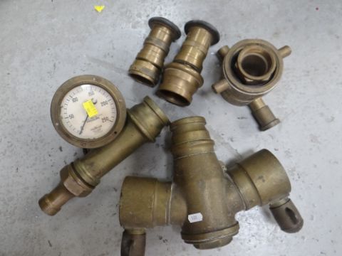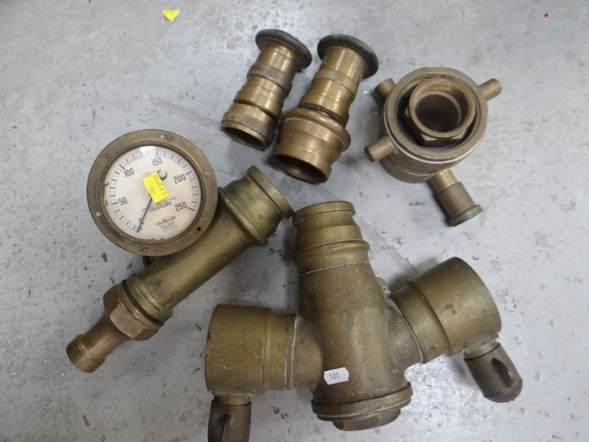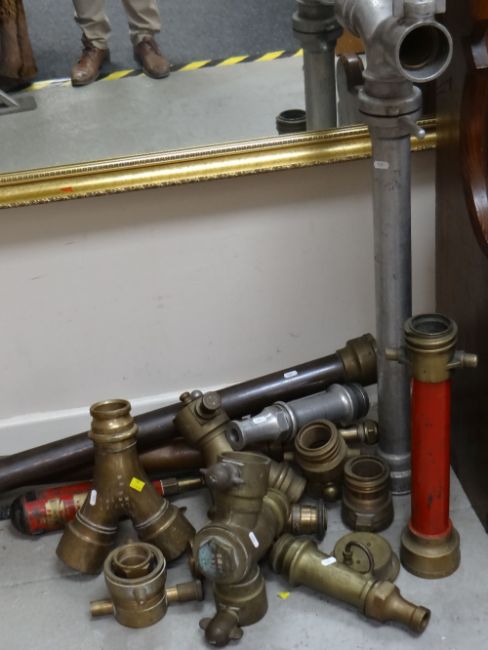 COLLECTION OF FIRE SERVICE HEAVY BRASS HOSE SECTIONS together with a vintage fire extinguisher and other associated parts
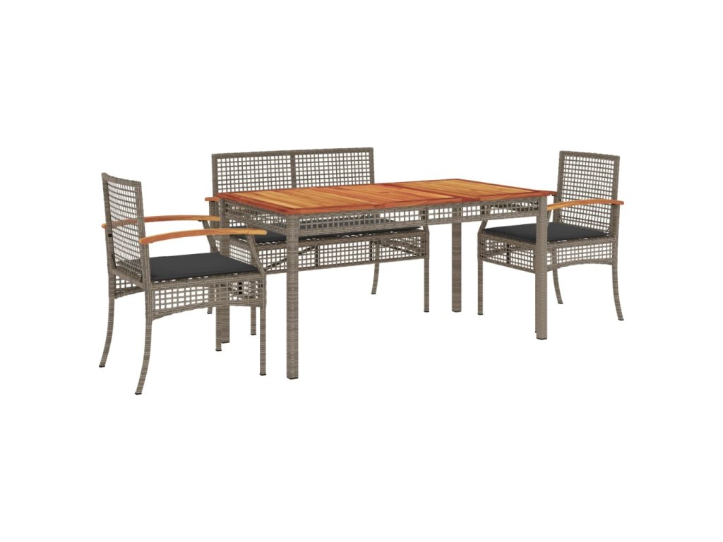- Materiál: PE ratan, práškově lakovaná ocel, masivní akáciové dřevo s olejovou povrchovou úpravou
==============================
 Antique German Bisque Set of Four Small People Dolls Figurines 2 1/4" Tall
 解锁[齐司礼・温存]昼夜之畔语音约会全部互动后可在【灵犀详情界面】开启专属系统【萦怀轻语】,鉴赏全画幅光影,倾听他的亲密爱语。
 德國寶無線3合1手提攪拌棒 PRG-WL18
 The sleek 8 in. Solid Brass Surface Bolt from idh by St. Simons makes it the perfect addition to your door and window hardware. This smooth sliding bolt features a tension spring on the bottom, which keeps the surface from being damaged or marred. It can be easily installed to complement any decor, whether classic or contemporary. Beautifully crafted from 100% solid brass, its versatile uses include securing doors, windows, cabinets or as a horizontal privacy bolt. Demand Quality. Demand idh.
==============================
PROBLEM DESCRIPTION
An exact copy of the lines above, from the one containing "德國寶無線3合1手提攪拌棒 PRG-WL18" through the one containing "The sleek 8", is the whole of the answer.

SOLUTION TO THE PROBLEM
 德國寶無線3合1手提攪拌棒 PRG-WL18
 The sleek 8 in. Solid Brass Surface Bolt from idh by St. Simons makes it the perfect addition to your door and window hardware. This smooth sliding bolt features a tension spring on the bottom, which keeps the surface from being damaged or marred. It can be easily installed to complement any decor, whether classic or contemporary. Beautifully crafted from 100% solid brass, its versatile uses include securing doors, windows, cabinets or as a horizontal privacy bolt. Demand Quality. Demand idh.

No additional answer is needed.